DESCRIPTION OF THE TASK.
Wherever a picture appears in the data below, omit it, and restate everything else word for word.

PROVIDED INFORMATION.
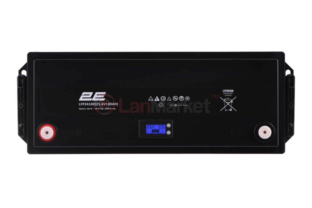 Акумуляторна батарея 2E LFP24, 24В, 100 А•год, LCD 8S — це високоякісне джерело енергії для телекомунікаційних систем, традиційних та альтернативних систем електроживлення. Завдяки технології LiFePO4 батарея забезпечує тривалий термін служби, стабільну роботу та підвищену безпеку. Інтегрований LCD-дисплей дозволяє зручно контролювати стан батареї та ключові параметри роботи, а корпусний тип монтажу дає можливість встановлення на стійку або безпосередньо на підлогу, що забезпечує гнучкість у плануванні інфраструктури.
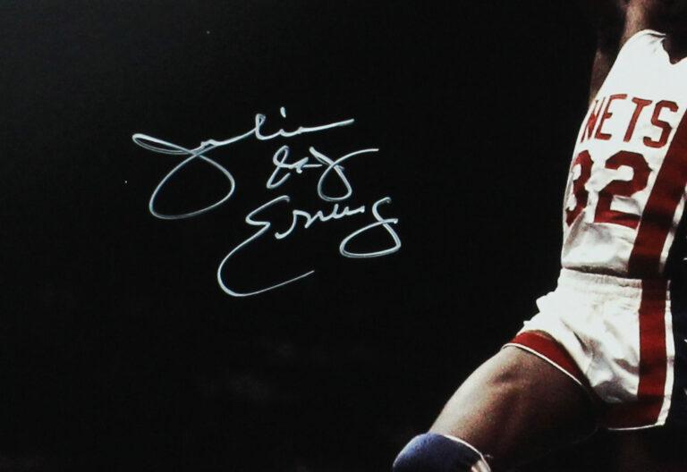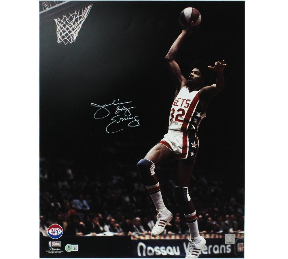 Photo measures 16” x 20” in size and has been hand-signed and inscribed by Julius Erving (Philadelphia 76ers, HOF). .
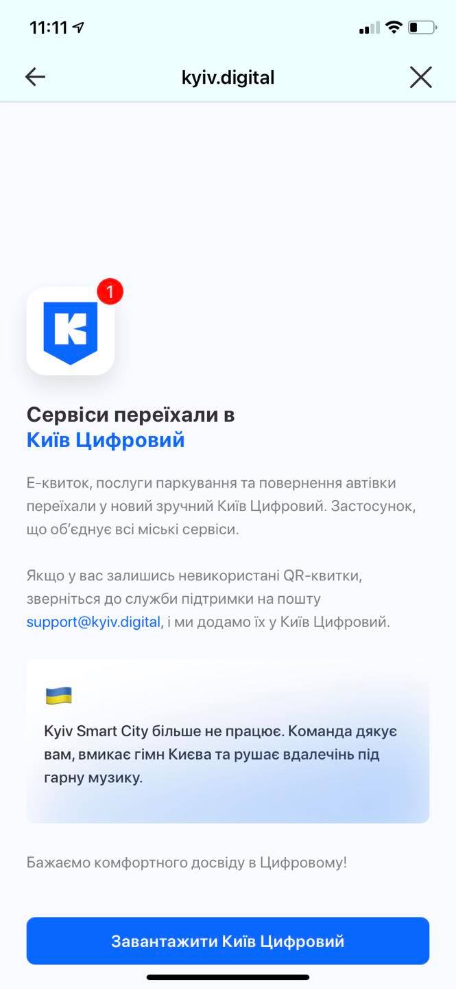 Додаток Kyiv Smart City з невідомих для розробників причин припинив роботу, а всі послуги відтепер будуть надаватися через новий застосунок "Київ Цифровий".
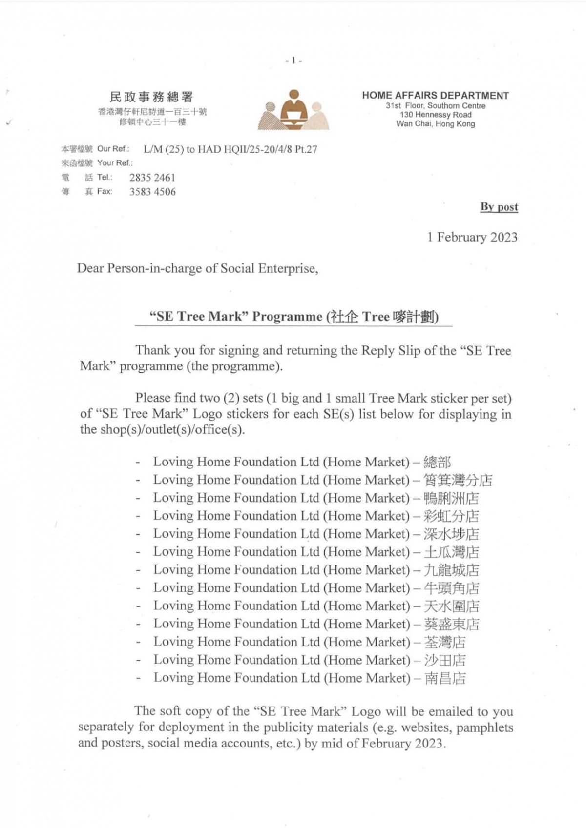 "Home Market" has gained a "Tree Mark - Social Enterprise Achiever" logo under the "Social Enterprise Tree Mark Scheme" of The Home Affairs Department. This lovely "Tree Mark" logo is designed to aim to help the public recognize "Home Market" is a recognized social enterprise, and also encourage the public to have greater support.
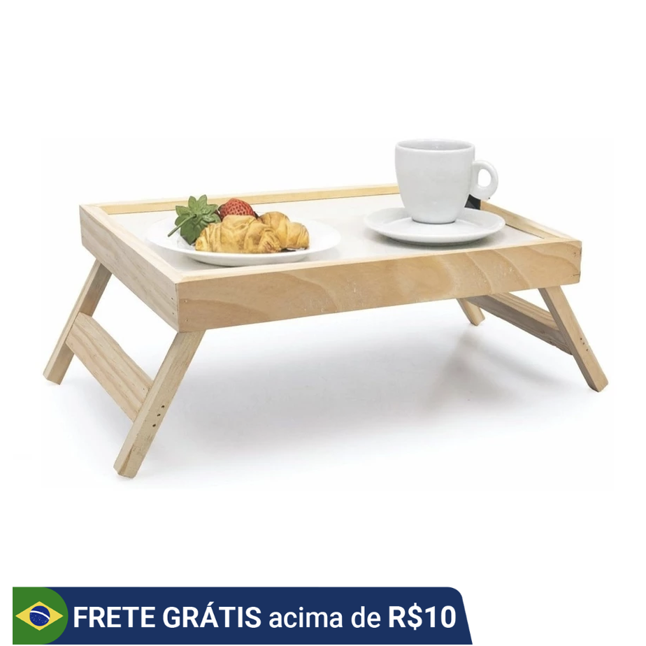 A Bandeja café na cama, possui Pés Dobráveis Estrutura em Madeira é a escolha ideal para servir aquele café da manhã delicioso e cheio de variedades. Ela é produzida em madeira pinus, derivada de florestas de produção e conta com acabamento natural. Além disso, ela é muito versátil e pode ser utilizada também como objeto decorativo ou para você dispor itens para organizar sua mesa, balcão ou aparador.
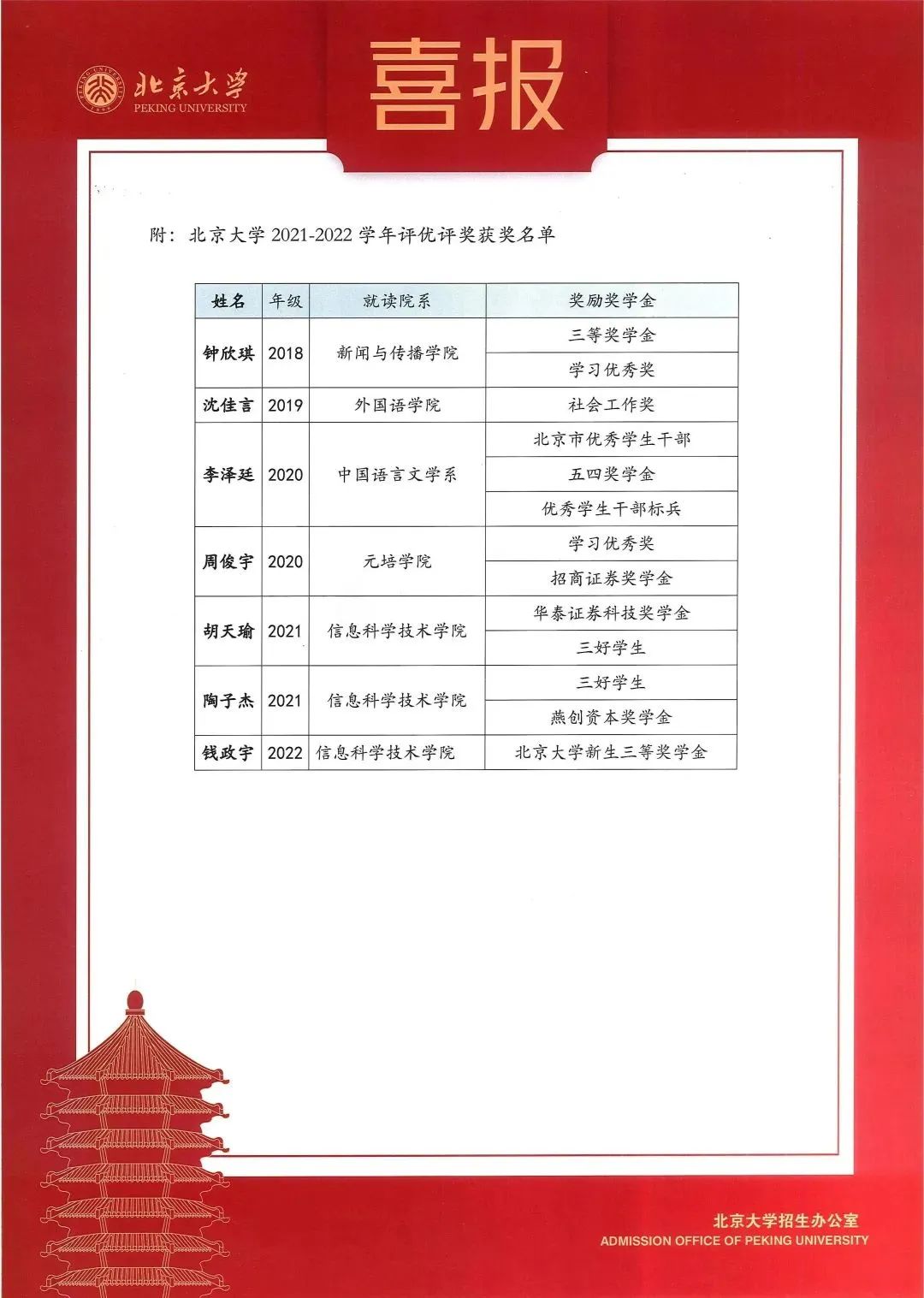 据悉,2021~2022学年,北京大学共有124位同学获此殊荣,每个院系只有极个别本科生能获此荣誉。本次7位昆中毕业生斩获的13项荣誉中,北大中文系学生会主席、昆中2020级毕业生李泽廷荣获的“北京市优秀学生干部”“五四奖学金”“优秀学生干部标兵”均是含金量极高的荣誉,其中“五四奖学金”是北京大学于1998年北大百年校庆之际设立的唯一由学校全额出资的奖学金,且恰逢五四运动100周年之际,学校还将“五四奖学金”确立为年度最高荣誉奖学金。
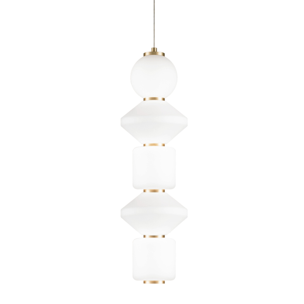 A unique series of pendants, Dango is comprised of opal glass in the form of geometric shapes complemented by Oxidized Rose or Oxidized Black detailing. 2 styles will be available - all the same glass or a mixed glass version. Additional glass can be purchased separately to create a unique personalized fixture. Available in 4 sizes
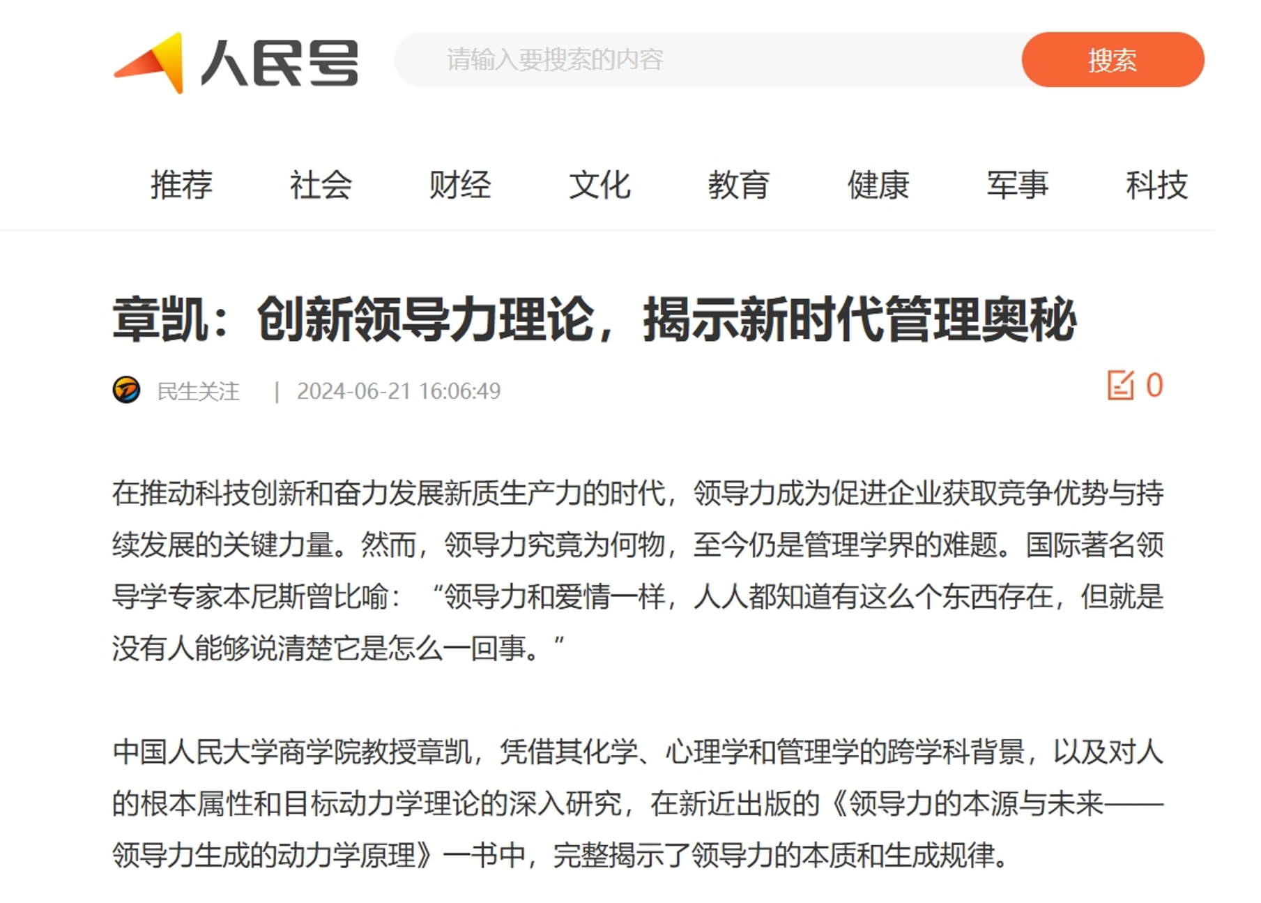 章凯教授的研究专长有:组织行为学、领导力、组织文化、动机与人格、教育心理学等。曾主持国家级重点科研项目并获得结项“优秀”鉴定,创立了动机与人格的自组织目标系统理论(目标动力学)和领导协同论两大理论体系,对兴趣、情绪、动机、人格、领导力、组织文化、管理哲学等问题有着深入与独到的研究。论著曾荣获中国高等学校科学研究优秀成果奖二等奖(2020)、北京市哲学社会科学优秀成果奖二等奖(2017)、中国软科学奖管理学奖(2017)、加拿大管理学会年会最佳论文奖(2009)、中国人民大学优秀著作奖(2006)等。

WRITTEN RESPONSE.
 Акумуляторна батарея 2E LFP24, 24В, 100 А•год, LCD 8S — це високоякісне джерело енергії для телекомунікаційних систем, традиційних та альтернативних систем електроживлення. Завдяки технології LiFePO4 батарея забезпечує тривалий термін служби, стабільну роботу та підвищену безпеку. Інтегрований LCD-дисплей дозволяє зручно контролювати стан батареї та ключові параметри роботи, а корпусний тип монтажу дає можливість встановлення на стійку або безпосередньо на підлогу, що забезпечує гнучкість у плануванні інфраструктури.
 Photo measures 16” x 20” in size and has been hand-signed and inscribed by Julius Erving (Philadelphia 76ers, HOF). .
 Додаток Kyiv Smart City з невідомих для розробників причин припинив роботу, а всі послуги відтепер будуть надаватися через новий застосунок "Київ Цифровий".
 "Home Market" has gained a "Tree Mark - Social Enterprise Achiever" logo under the "Social Enterprise Tree Mark Scheme" of The Home Affairs Department. This lovely "Tree Mark" logo is designed to aim to help the public recognize "Home Market" is a recognized social enterprise, and also encourage the public to have greater support.
 A Bandeja café na cama, possui Pés Dobráveis Estrutura em Madeira é a escolha ideal para servir aquele café da manhã delicioso e cheio de variedades. Ela é produzida em madeira pinus, derivada de florestas de produção e conta com acabamento natural. Além disso, ela é muito versátil e pode ser utilizada também como objeto decorativo ou para você dispor itens para organizar sua mesa, balcão ou aparador.
 据悉,2021~2022学年,北京大学共有124位同学获此殊荣,每个院系只有极个别本科生能获此荣誉。本次7位昆中毕业生斩获的13项荣誉中,北大中文系学生会主席、昆中2020级毕业生李泽廷荣获的“北京市优秀学生干部”“五四奖学金”“优秀学生干部标兵”均是含金量极高的荣誉,其中“五四奖学金”是北京大学于1998年北大百年校庆之际设立的唯一由学校全额出资的奖学金,且恰逢五四运动100周年之际,学校还将“五四奖学金”确立为年度最高荣誉奖学金。
 A unique series of pendants, Dango is comprised of opal glass in the form of geometric shapes complemented by Oxidized Rose or Oxidized Black detailing. 2 styles will be available - all the same glass or a mixed glass version. Additional glass can be purchased separately to create a unique personalized fixture. Available in 4 sizes
 章凯教授的研究专长有:组织行为学、领导力、组织文化、动机与人格、教育心理学等。曾主持国家级重点科研项目并获得结项“优秀”鉴定,创立了动机与人格的自组织目标系统理论(目标动力学)和领导协同论两大理论体系,对兴趣、情绪、动机、人格、领导力、组织文化、管理哲学等问题有着深入与独到的研究。论著曾荣获中国高等学校科学研究优秀成果奖二等奖(2020)、北京市哲学社会科学优秀成果奖二等奖(2017)、中国软科学奖管理学奖(2017)、加拿大管理学会年会最佳论文奖(2009)、中国人民大学优秀著作奖(2006)等。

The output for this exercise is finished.